INPUT RECORDS:

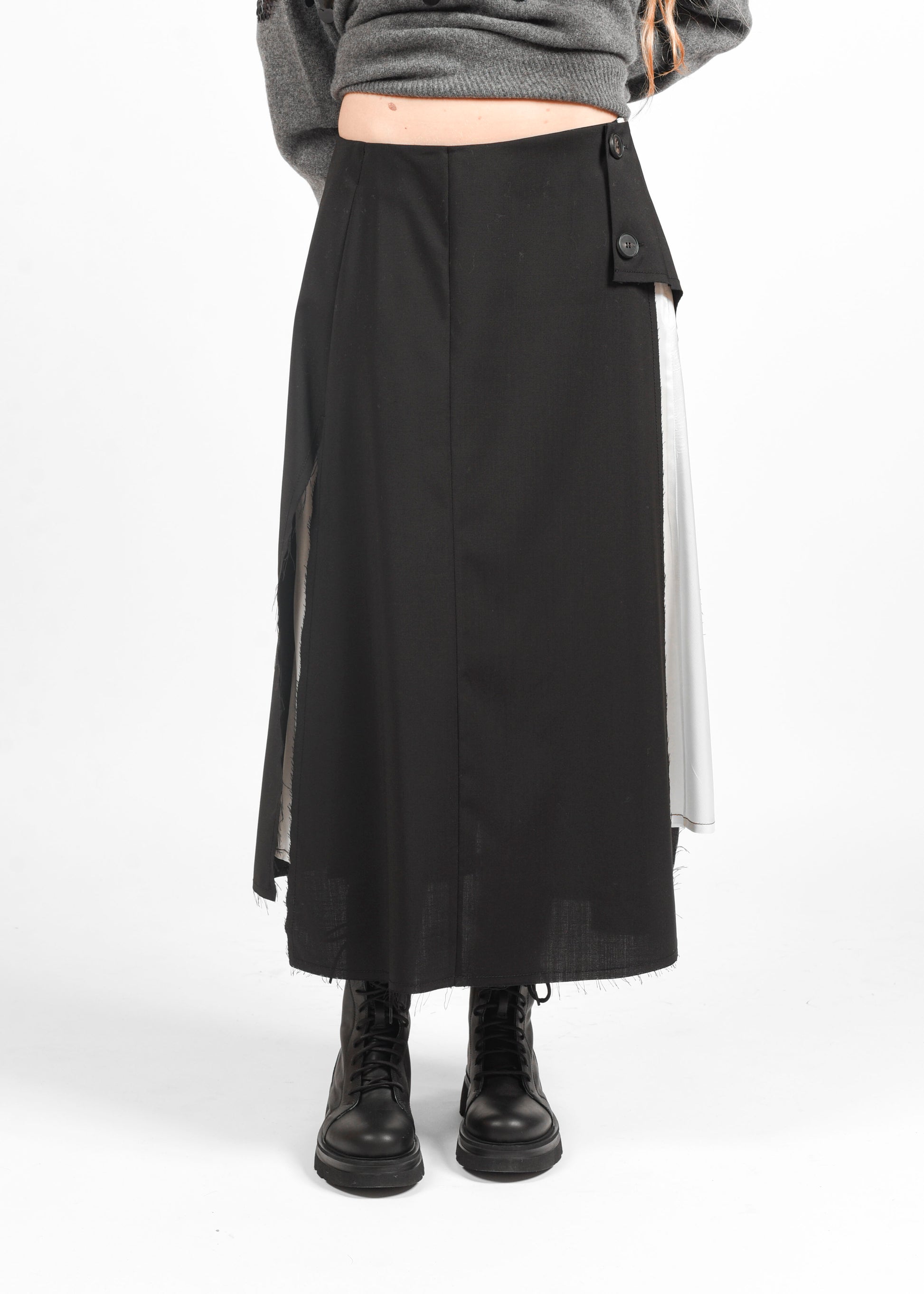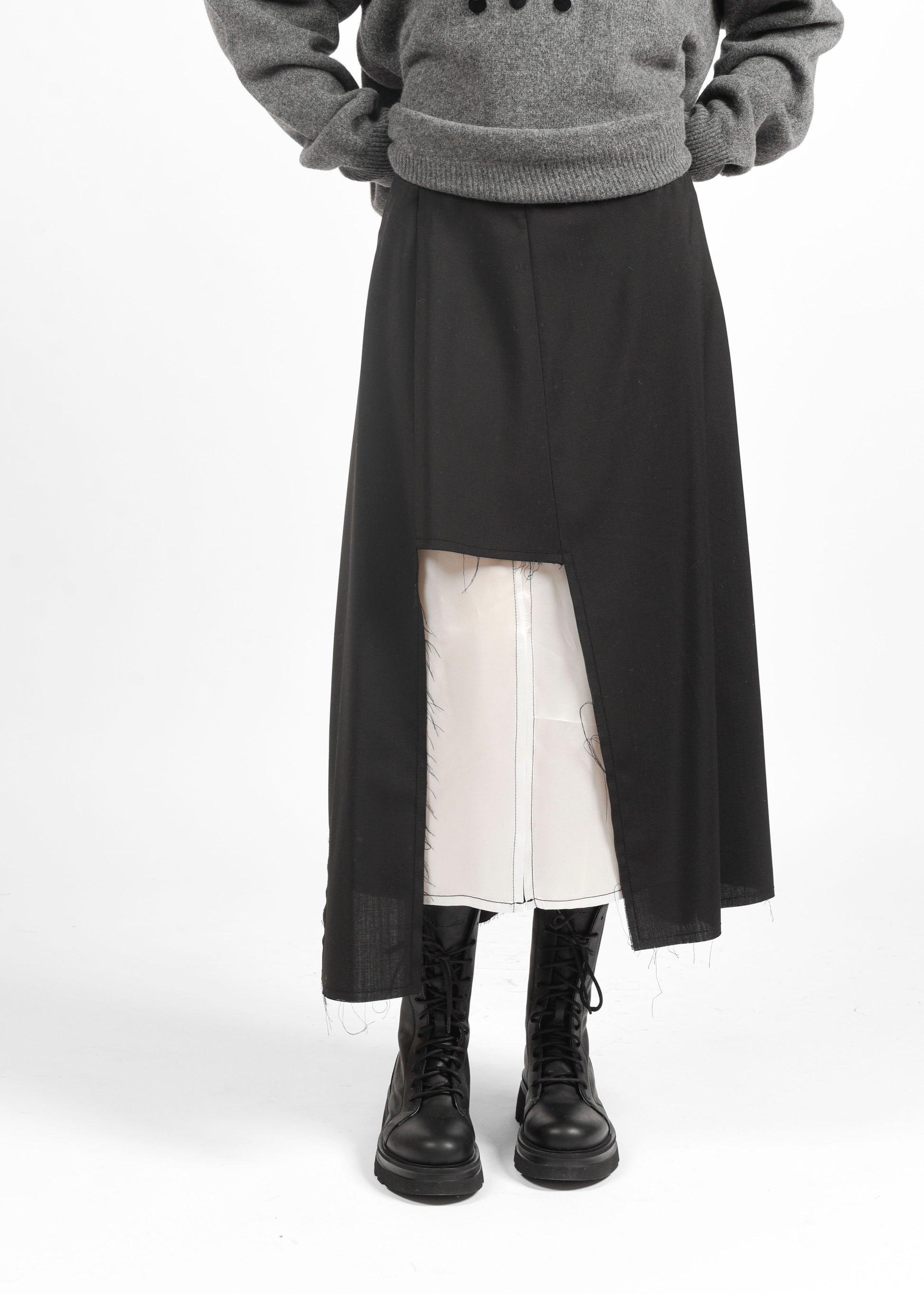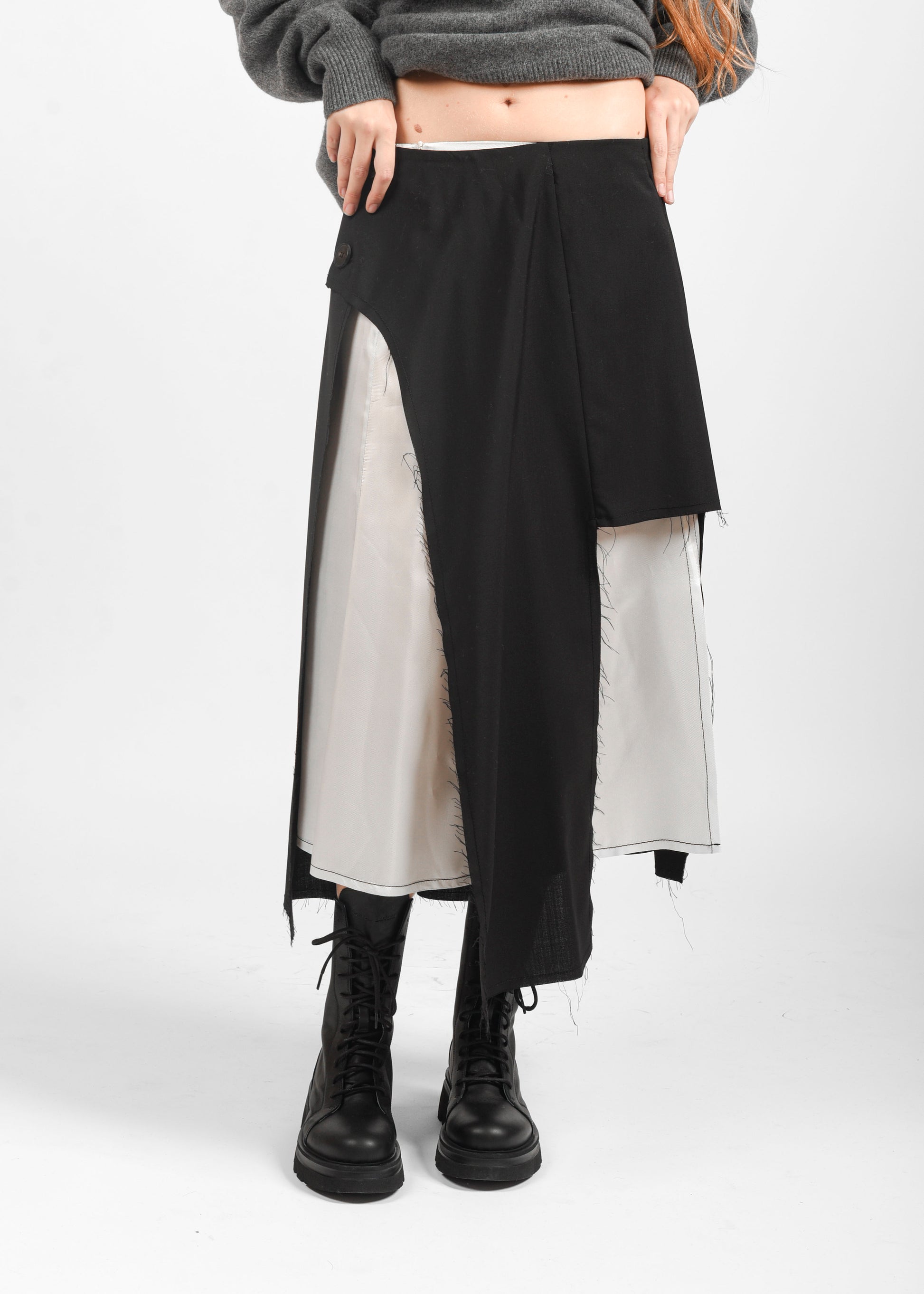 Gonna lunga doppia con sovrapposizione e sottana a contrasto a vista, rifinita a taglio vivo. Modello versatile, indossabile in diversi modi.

--

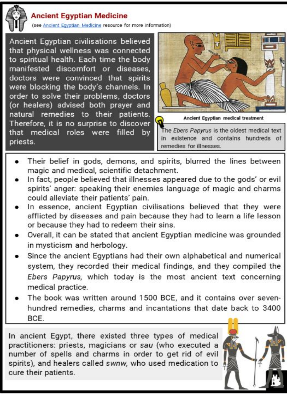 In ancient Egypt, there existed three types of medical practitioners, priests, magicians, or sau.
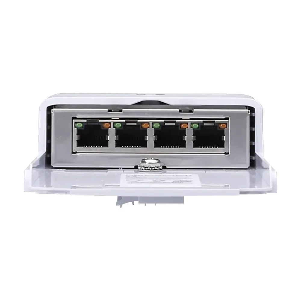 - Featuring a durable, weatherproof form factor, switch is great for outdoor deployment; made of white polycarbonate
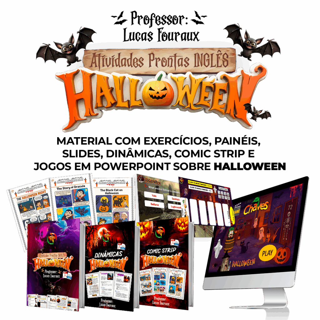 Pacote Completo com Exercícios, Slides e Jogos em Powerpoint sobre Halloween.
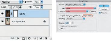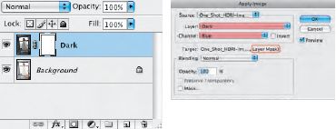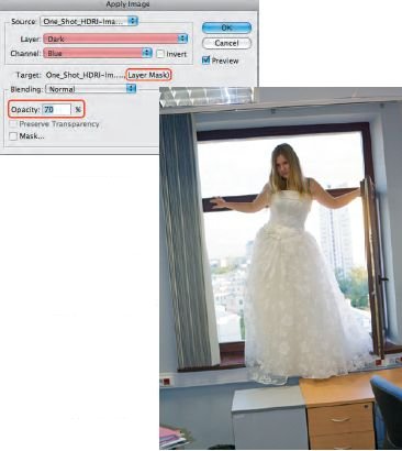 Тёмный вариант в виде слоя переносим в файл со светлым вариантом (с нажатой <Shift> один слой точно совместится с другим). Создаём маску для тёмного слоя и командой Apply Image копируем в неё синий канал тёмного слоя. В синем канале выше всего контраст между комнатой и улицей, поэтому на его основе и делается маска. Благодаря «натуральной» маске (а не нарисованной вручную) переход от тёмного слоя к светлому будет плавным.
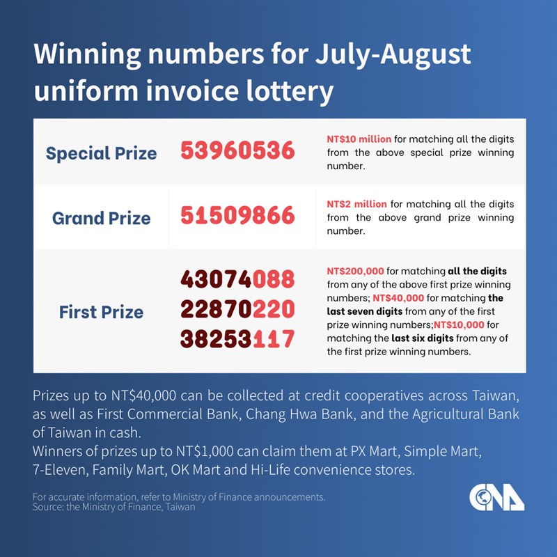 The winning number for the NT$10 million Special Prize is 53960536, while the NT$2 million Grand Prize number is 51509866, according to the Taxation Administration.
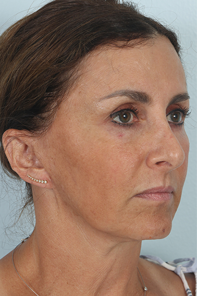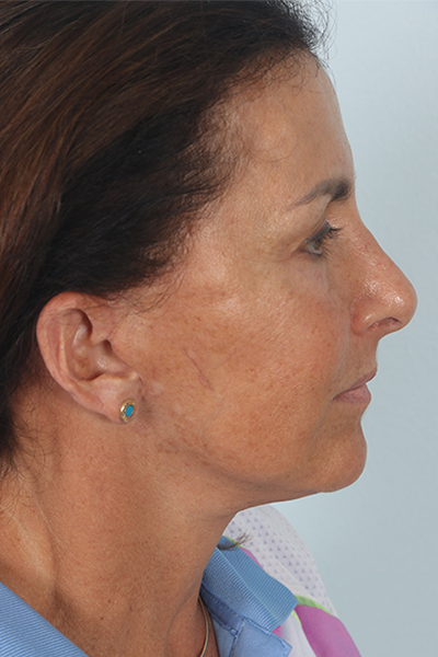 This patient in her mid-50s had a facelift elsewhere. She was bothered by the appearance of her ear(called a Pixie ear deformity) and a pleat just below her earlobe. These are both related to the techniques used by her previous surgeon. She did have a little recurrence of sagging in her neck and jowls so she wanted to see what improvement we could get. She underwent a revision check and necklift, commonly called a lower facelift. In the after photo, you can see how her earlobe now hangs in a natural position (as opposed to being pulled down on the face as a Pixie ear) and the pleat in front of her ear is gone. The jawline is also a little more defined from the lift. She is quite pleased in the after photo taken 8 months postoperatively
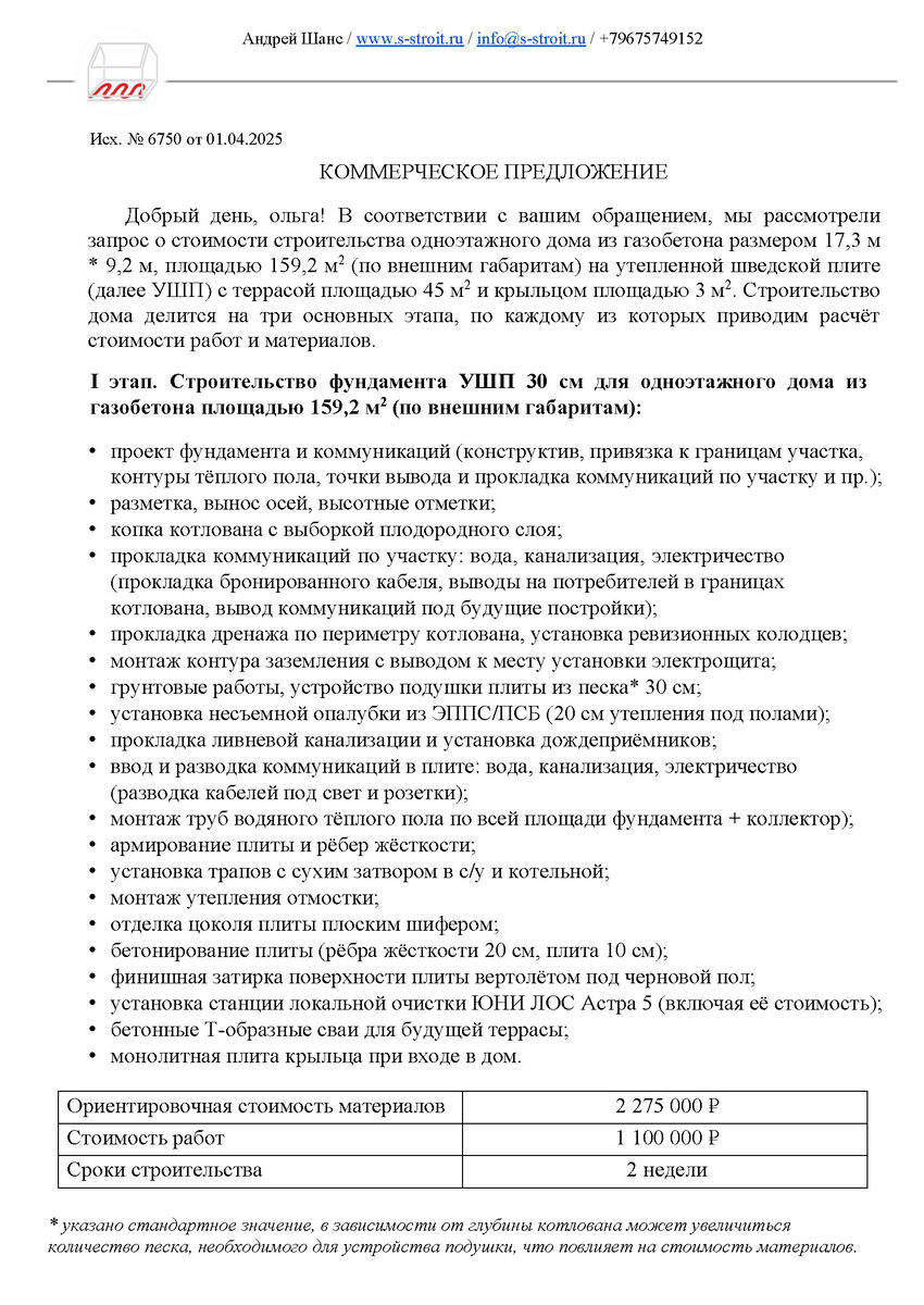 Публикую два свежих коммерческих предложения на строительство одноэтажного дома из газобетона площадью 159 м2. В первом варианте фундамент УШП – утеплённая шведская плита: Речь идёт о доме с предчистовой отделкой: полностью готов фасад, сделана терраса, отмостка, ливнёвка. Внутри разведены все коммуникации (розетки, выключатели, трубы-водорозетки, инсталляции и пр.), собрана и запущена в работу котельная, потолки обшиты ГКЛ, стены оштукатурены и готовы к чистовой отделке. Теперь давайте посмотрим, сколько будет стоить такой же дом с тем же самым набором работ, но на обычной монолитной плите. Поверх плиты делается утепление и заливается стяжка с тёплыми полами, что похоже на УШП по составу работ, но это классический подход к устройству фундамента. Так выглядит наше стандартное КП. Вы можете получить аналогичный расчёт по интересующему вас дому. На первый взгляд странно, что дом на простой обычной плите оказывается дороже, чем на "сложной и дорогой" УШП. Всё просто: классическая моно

...

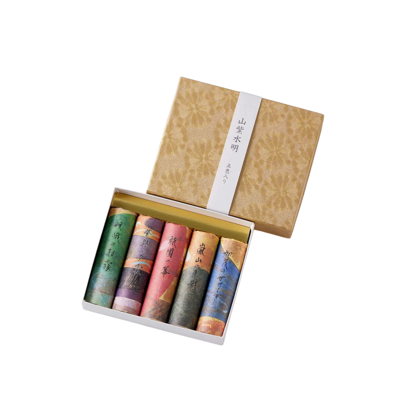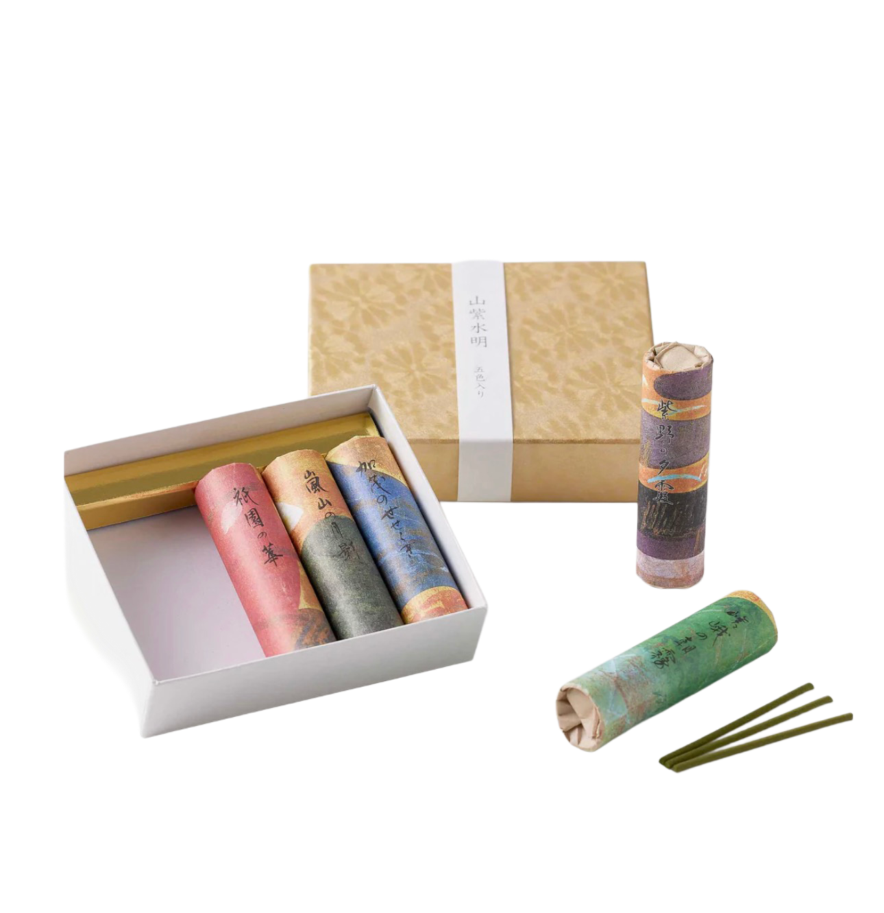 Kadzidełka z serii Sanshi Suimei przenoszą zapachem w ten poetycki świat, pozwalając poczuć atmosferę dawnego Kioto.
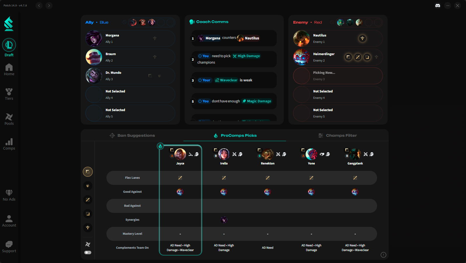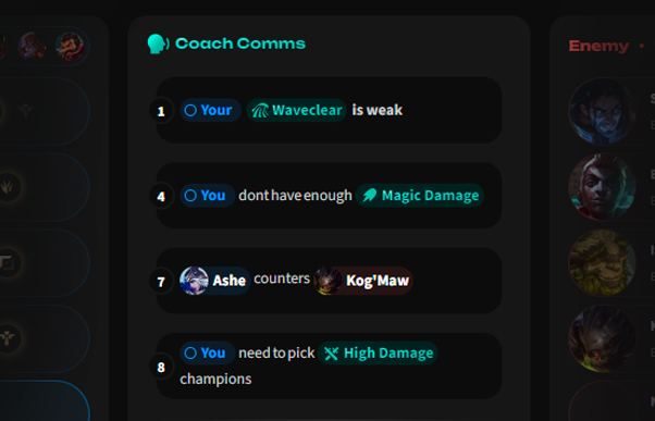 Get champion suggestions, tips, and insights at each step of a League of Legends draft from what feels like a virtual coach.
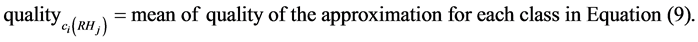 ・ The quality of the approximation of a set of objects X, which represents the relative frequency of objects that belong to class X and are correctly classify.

WHAT NEEDS TO BE DONE: Given the listing above, repeat exactly the lines starting at the one with "Kadzidełka z serii" and ending at the one with "Get champion suggestions, tips, and", inclusive, excluding pictures.

RESPONSE TO THIS TASK:
 Kadzidełka z serii Sanshi Suimei przenoszą zapachem w ten poetycki świat, pozwalając poczuć atmosferę dawnego Kioto.
 Get champion suggestions, tips, and insights at each step of a League of Legends draft from what feels like a virtual coach.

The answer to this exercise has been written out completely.